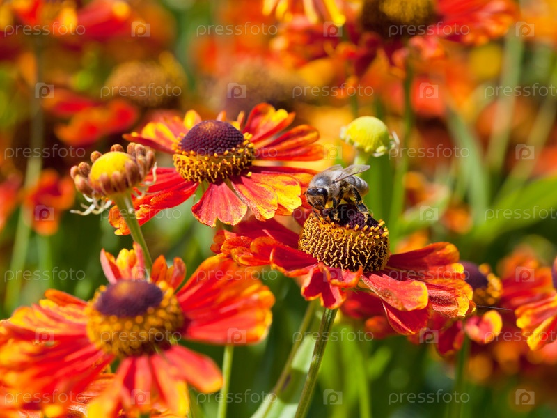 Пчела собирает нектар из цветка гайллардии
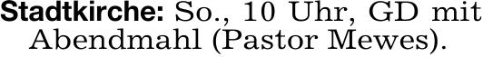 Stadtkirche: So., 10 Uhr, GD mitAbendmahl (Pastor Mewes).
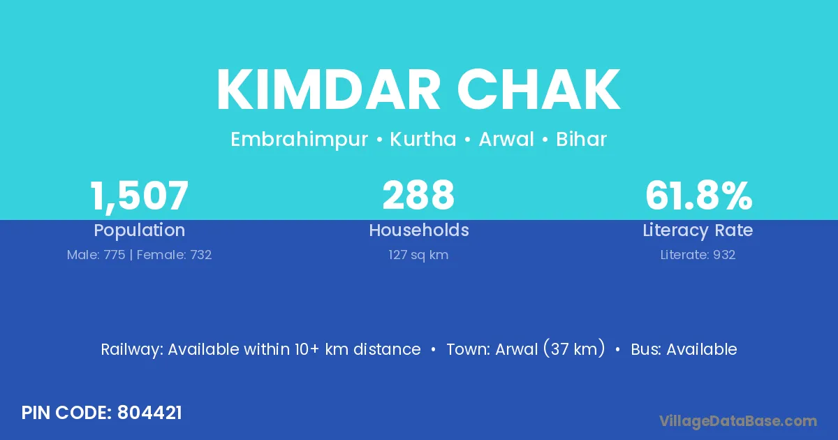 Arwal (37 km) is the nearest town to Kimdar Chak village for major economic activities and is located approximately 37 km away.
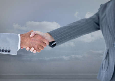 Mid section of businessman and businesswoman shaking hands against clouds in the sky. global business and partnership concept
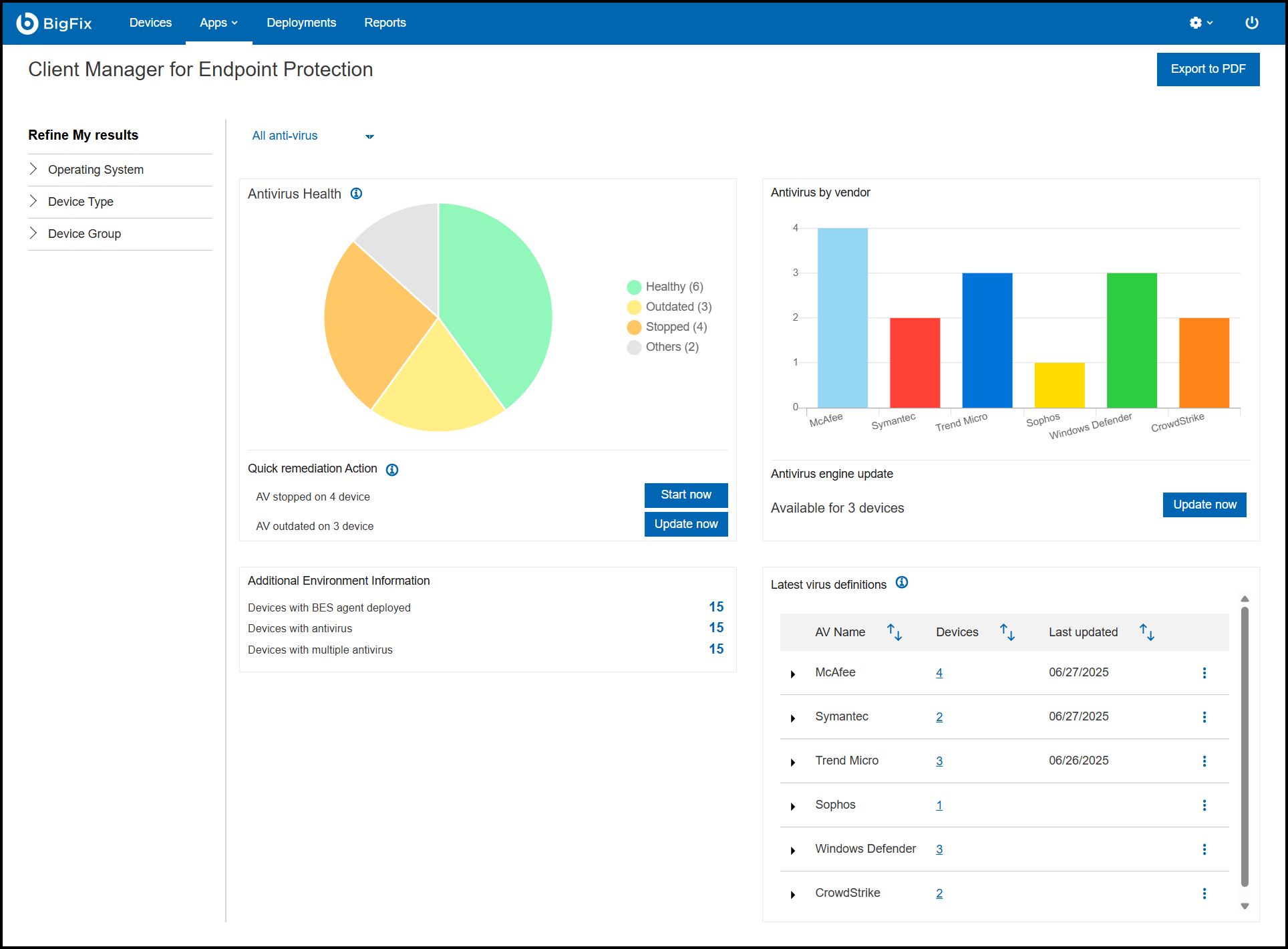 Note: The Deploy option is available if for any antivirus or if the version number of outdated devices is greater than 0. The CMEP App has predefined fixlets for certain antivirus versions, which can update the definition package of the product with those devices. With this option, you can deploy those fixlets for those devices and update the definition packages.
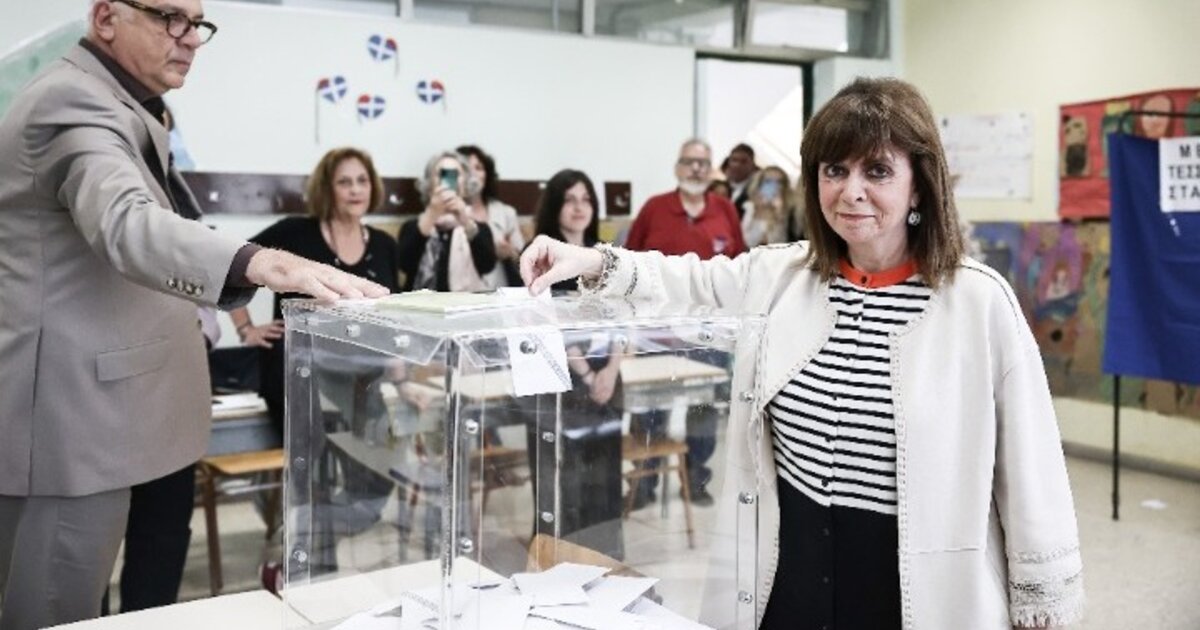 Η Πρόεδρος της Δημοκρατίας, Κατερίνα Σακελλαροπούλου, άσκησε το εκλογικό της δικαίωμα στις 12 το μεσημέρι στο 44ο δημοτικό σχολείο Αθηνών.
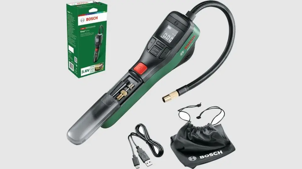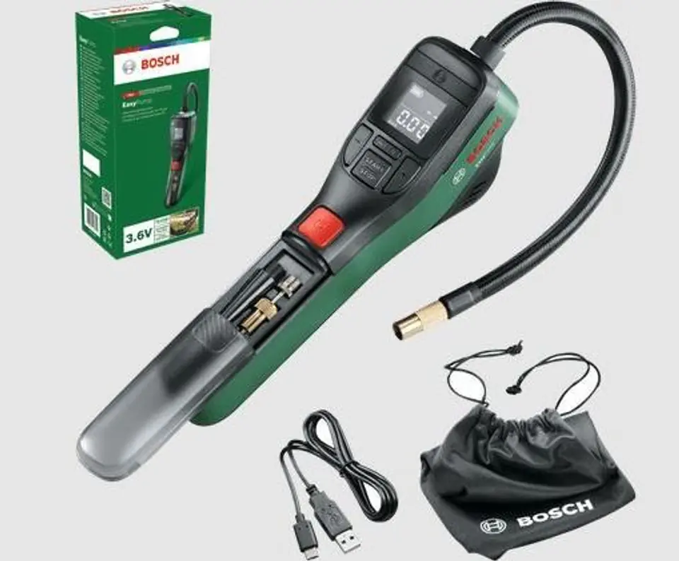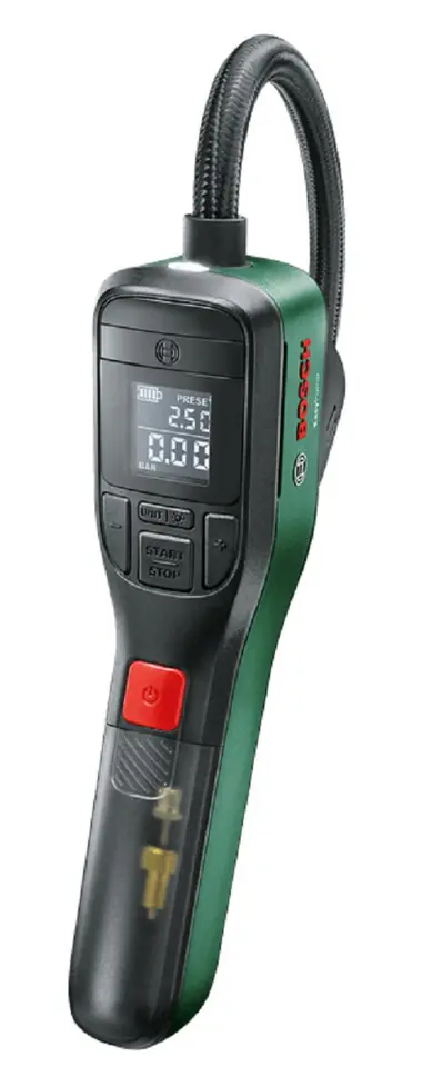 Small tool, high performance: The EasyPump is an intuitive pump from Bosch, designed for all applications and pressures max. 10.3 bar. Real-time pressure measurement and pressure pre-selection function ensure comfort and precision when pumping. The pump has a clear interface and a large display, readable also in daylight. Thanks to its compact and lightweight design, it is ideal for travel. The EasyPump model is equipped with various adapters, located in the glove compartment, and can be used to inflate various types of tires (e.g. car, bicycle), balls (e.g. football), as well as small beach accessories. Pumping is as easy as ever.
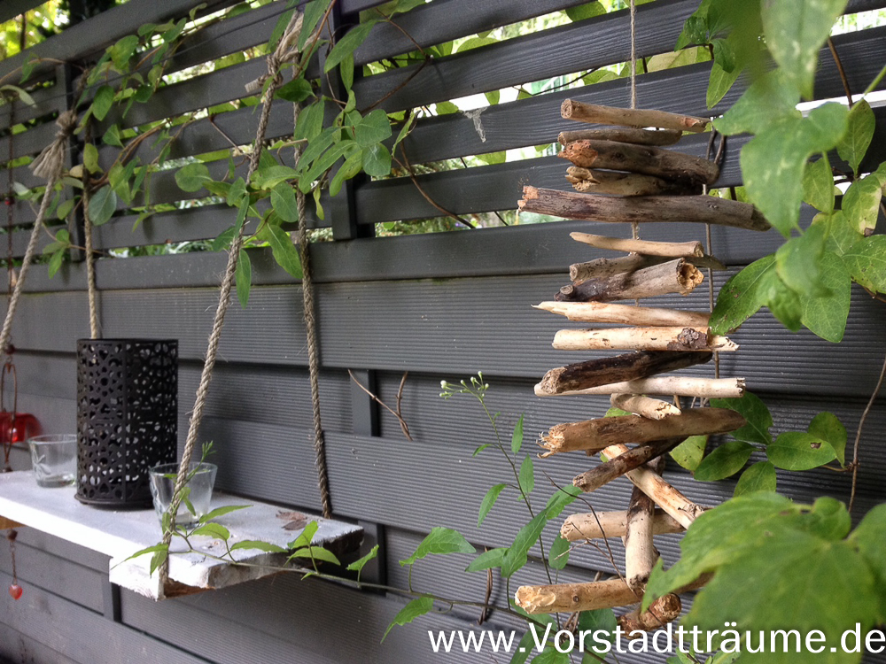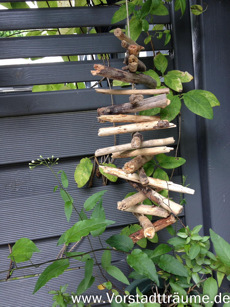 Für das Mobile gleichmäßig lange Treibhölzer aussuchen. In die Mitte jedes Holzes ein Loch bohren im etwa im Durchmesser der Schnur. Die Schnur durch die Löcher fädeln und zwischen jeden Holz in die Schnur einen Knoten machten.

+ + +

Task details>
Starting with the line that has "Stadtkirche: So., 10" and going on through the line that has "Mid section of", transcribe the records above exactly, but skip the pictures.

Your solution>
 Stadtkirche: So., 10 Uhr, GD mitAbendmahl (Pastor Mewes).
 Arwal (37 km) is the nearest town to Kimdar Chak village for major economic activities and is located approximately 37 km away.
 Mid section of businessman and businesswoman shaking hands against clouds in the sky. global business and partnership concept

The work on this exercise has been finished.